• _Exercise requirements_:
With the pictures left out, restate every entry word for word.

• _Data provided_:
-*-

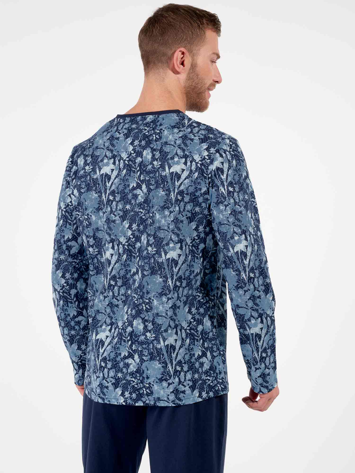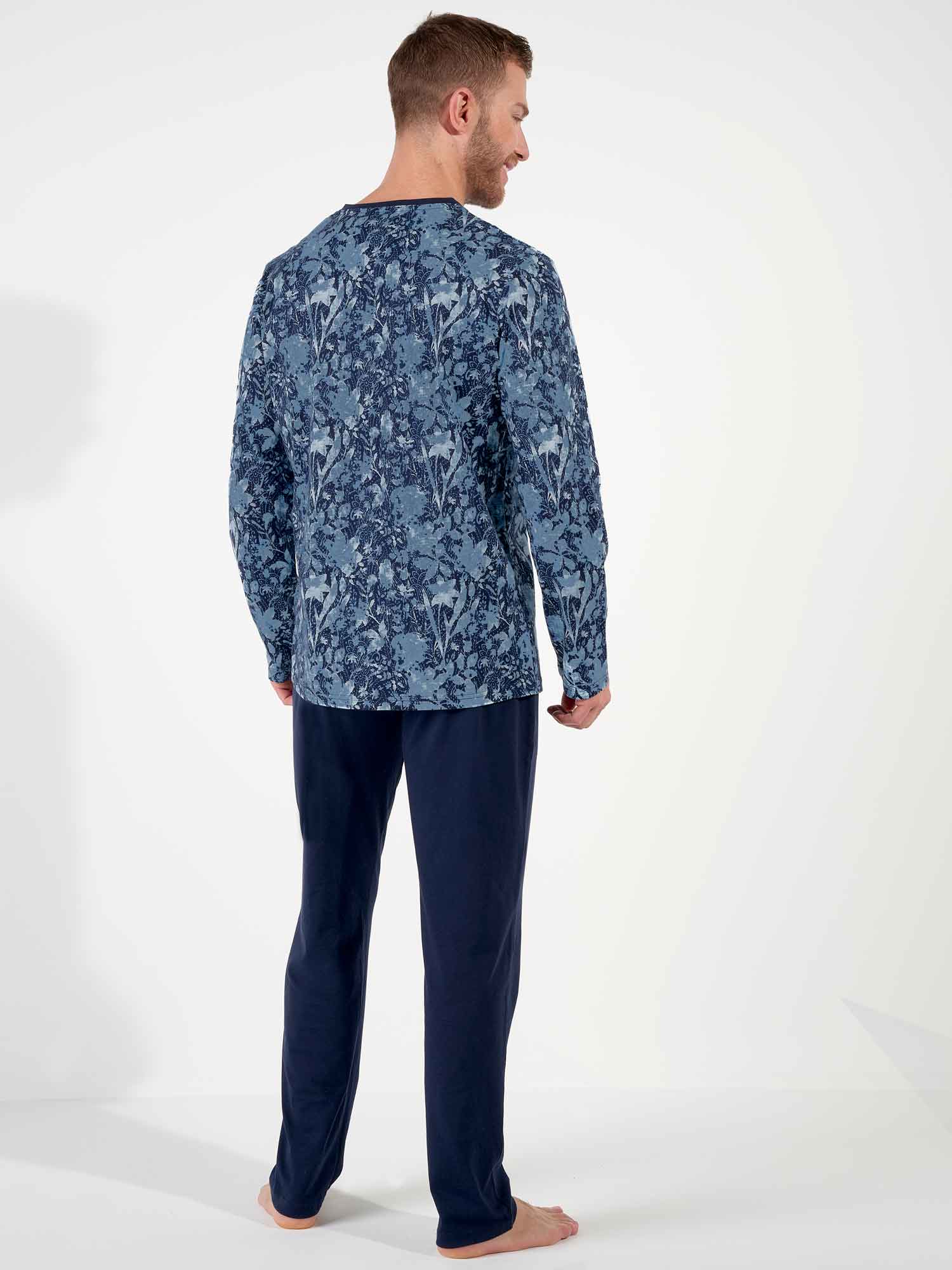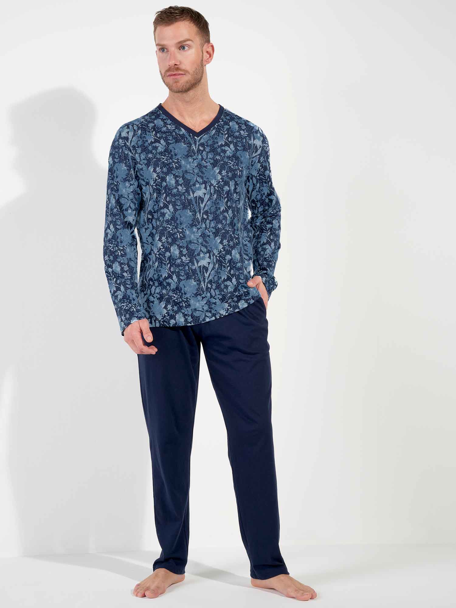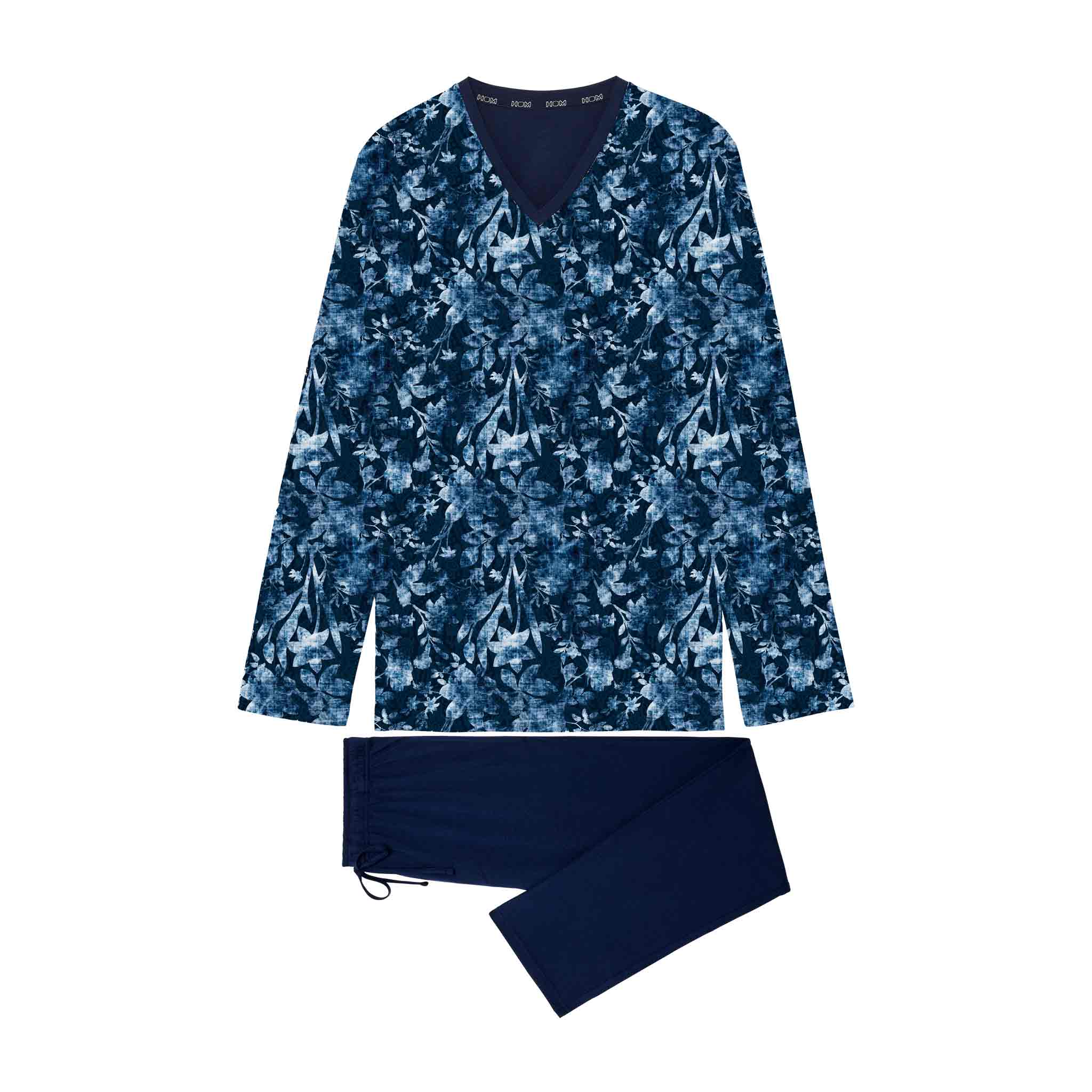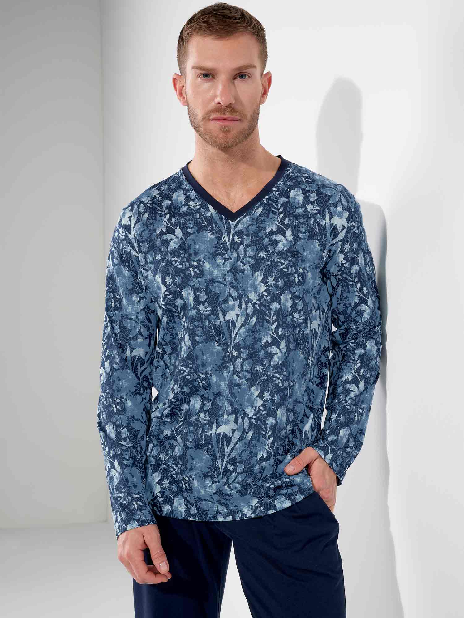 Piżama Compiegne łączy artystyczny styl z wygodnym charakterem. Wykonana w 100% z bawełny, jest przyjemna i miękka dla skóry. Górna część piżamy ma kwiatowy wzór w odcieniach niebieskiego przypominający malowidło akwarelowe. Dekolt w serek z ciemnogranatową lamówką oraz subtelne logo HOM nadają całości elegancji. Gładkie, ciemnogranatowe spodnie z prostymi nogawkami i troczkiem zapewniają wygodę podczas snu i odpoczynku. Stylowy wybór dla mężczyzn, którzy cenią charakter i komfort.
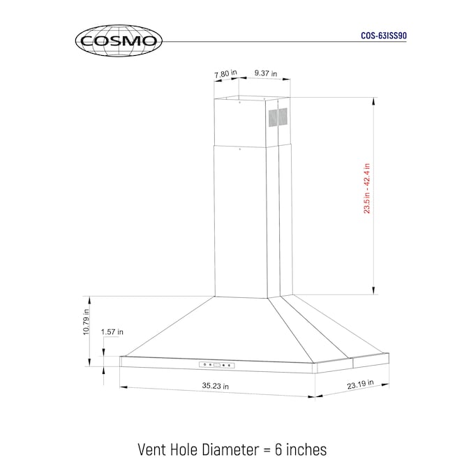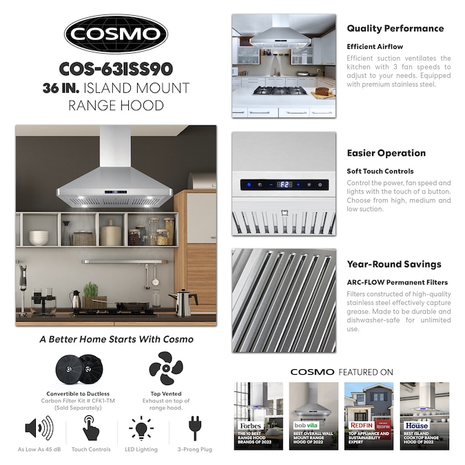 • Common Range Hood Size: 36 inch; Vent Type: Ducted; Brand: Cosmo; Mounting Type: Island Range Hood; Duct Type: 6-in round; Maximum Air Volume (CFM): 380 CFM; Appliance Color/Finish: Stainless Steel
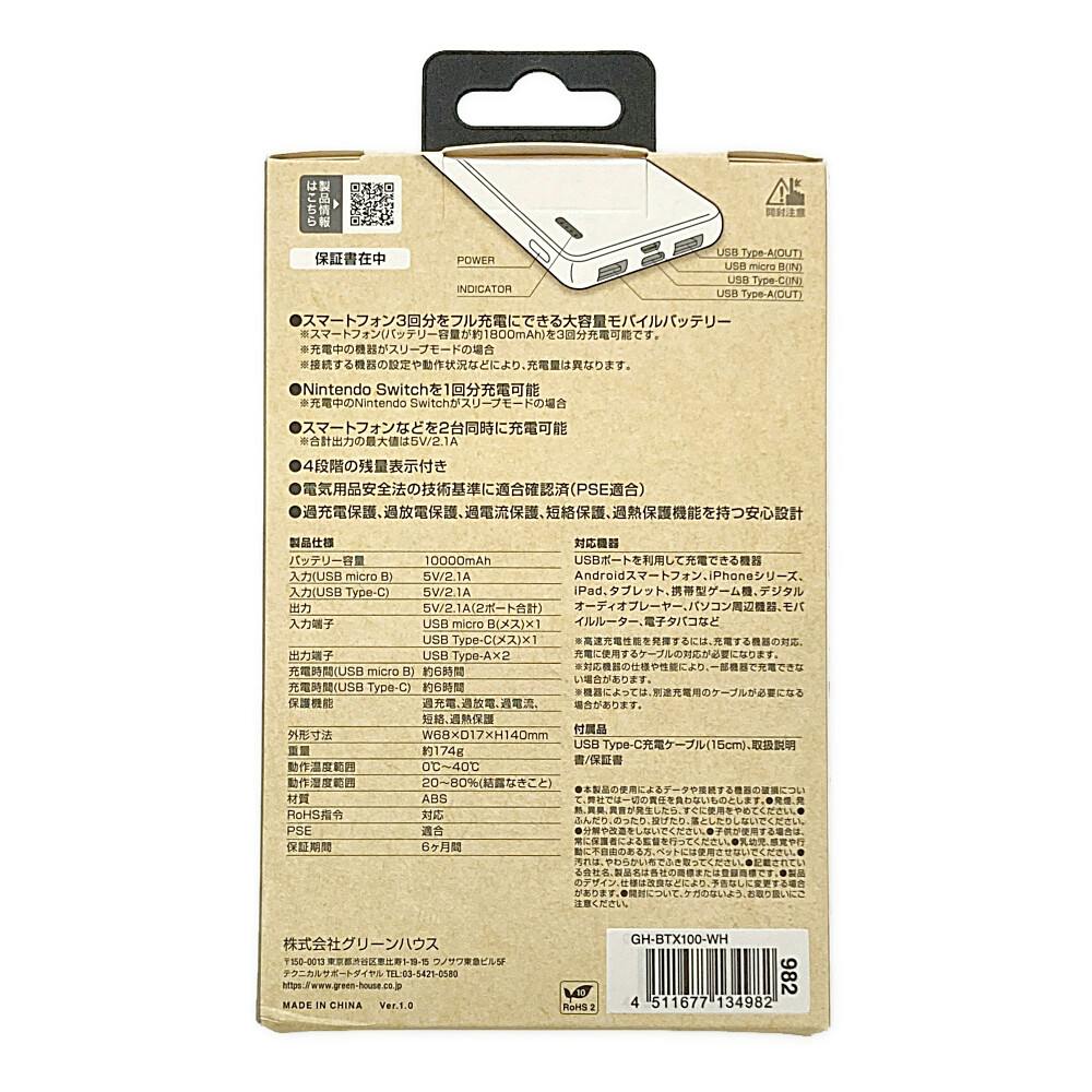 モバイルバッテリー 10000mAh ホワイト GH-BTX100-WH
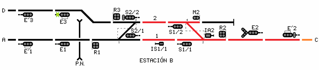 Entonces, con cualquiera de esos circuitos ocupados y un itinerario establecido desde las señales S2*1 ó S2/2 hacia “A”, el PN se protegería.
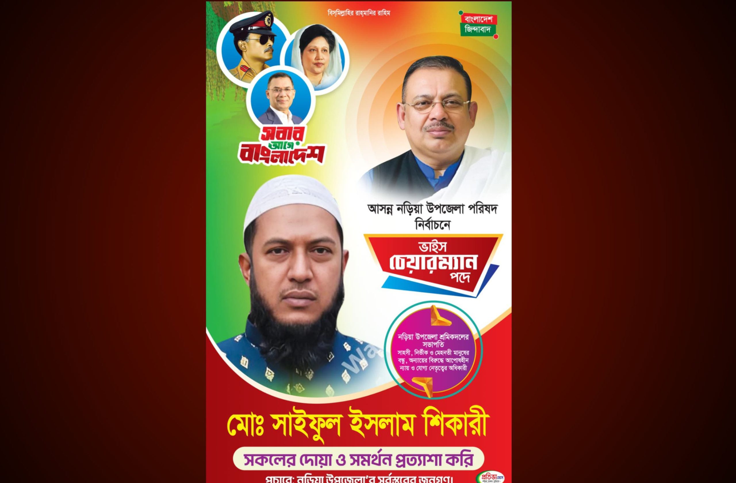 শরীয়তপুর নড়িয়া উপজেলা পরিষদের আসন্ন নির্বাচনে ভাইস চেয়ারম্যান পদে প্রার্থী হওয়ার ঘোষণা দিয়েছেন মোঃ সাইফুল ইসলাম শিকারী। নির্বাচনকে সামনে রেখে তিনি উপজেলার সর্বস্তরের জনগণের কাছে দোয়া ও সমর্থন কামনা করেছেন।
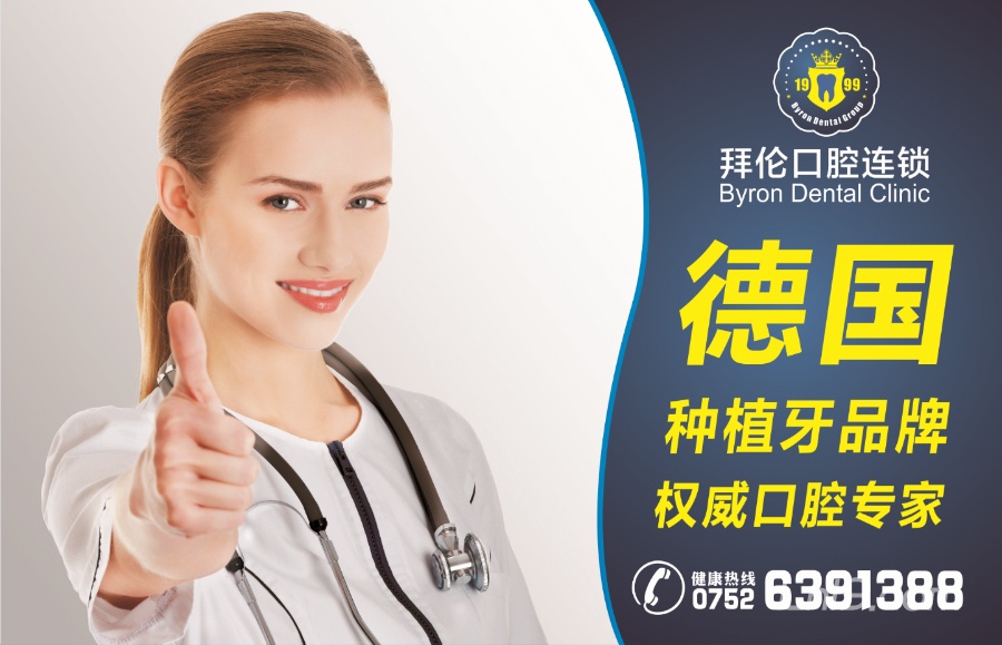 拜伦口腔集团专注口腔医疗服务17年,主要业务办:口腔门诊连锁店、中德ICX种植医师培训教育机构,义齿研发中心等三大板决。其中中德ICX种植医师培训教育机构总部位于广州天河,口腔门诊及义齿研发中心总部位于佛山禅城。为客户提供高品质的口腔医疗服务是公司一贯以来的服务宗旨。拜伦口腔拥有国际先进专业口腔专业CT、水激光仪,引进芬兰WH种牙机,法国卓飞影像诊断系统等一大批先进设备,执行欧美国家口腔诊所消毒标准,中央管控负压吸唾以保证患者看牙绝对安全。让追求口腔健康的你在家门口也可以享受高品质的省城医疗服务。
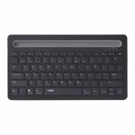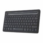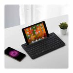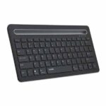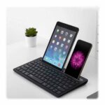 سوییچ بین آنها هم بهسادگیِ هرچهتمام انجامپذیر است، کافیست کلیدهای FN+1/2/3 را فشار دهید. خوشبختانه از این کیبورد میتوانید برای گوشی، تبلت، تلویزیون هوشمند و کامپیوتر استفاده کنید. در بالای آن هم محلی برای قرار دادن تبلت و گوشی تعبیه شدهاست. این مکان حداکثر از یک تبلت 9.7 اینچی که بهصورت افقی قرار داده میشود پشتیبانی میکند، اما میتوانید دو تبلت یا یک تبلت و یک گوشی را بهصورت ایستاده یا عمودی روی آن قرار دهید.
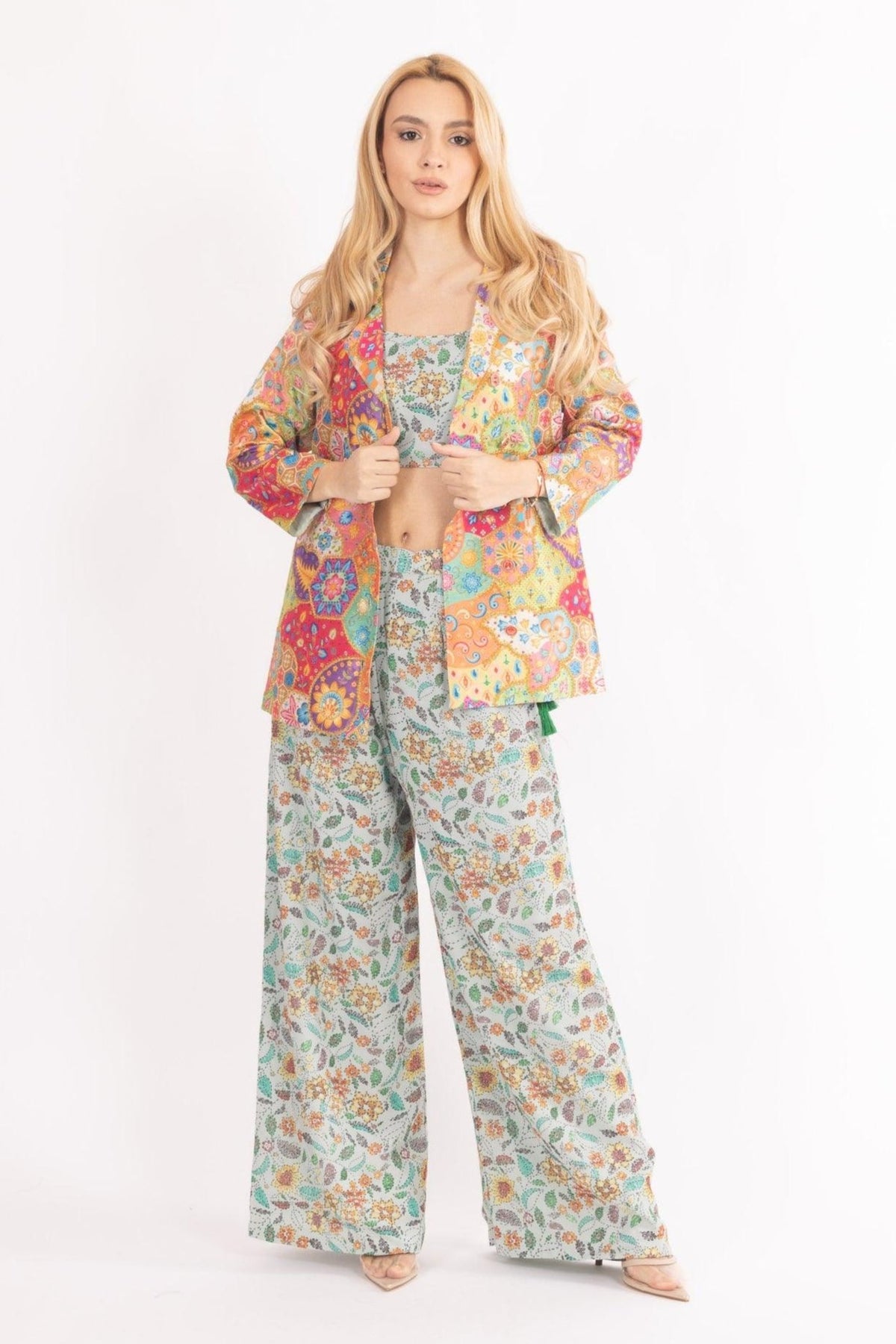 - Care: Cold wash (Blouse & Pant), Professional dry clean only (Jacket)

-*-

• _Finished task_:
 Piżama Compiegne łączy artystyczny styl z wygodnym charakterem. Wykonana w 100% z bawełny, jest przyjemna i miękka dla skóry. Górna część piżamy ma kwiatowy wzór w odcieniach niebieskiego przypominający malowidło akwarelowe. Dekolt w serek z ciemnogranatową lamówką oraz subtelne logo HOM nadają całości elegancji. Gładkie, ciemnogranatowe spodnie z prostymi nogawkami i troczkiem zapewniają wygodę podczas snu i odpoczynku. Stylowy wybór dla mężczyzn, którzy cenią charakter i komfort.
 • Common Range Hood Size: 36 inch; Vent Type: Ducted; Brand: Cosmo; Mounting Type: Island Range Hood; Duct Type: 6-in round; Maximum Air Volume (CFM): 380 CFM; Appliance Color/Finish: Stainless Steel
 モバイルバッテリー 10000mAh ホワイト GH-BTX100-WH
 Entonces, con cualquiera de esos circuitos ocupados y un itinerario establecido desde las señales S2*1 ó S2/2 hacia “A”, el PN se protegería.
 শরীয়তপুর নড়িয়া উপজেলা পরিষদের আসন্ন নির্বাচনে ভাইস চেয়ারম্যান পদে প্রার্থী হওয়ার ঘোষণা দিয়েছেন মোঃ সাইফুল ইসলাম শিকারী। নির্বাচনকে সামনে রেখে তিনি উপজেলার সর্বস্তরের জনগণের কাছে দোয়া ও সমর্থন কামনা করেছেন।
 拜伦口腔集团专注口腔医疗服务17年,主要业务办:口腔门诊连锁店、中德ICX种植医师培训教育机构,义齿研发中心等三大板决。其中中德ICX种植医师培训教育机构总部位于广州天河,口腔门诊及义齿研发中心总部位于佛山禅城。为客户提供高品质的口腔医疗服务是公司一贯以来的服务宗旨。拜伦口腔拥有国际先进专业口腔专业CT、水激光仪,引进芬兰WH种牙机,法国卓飞影像诊断系统等一大批先进设备,执行欧美国家口腔诊所消毒标准,中央管控负压吸唾以保证患者看牙绝对安全。让追求口腔健康的你在家门口也可以享受高品质的省城医疗服务。
 سوییچ بین آنها هم بهسادگیِ هرچهتمام انجامپذیر است، کافیست کلیدهای FN+1/2/3 را فشار دهید. خوشبختانه از این کیبورد میتوانید برای گوشی، تبلت، تلویزیون هوشمند و کامپیوتر استفاده کنید. در بالای آن هم محلی برای قرار دادن تبلت و گوشی تعبیه شدهاست. این مکان حداکثر از یک تبلت 9.7 اینچی که بهصورت افقی قرار داده میشود پشتیبانی میکند، اما میتوانید دو تبلت یا یک تبلت و یک گوشی را بهصورت ایستاده یا عمودی روی آن قرار دهید.
 - Care: Cold wash (Blouse & Pant), Professional dry clean only (Jacket)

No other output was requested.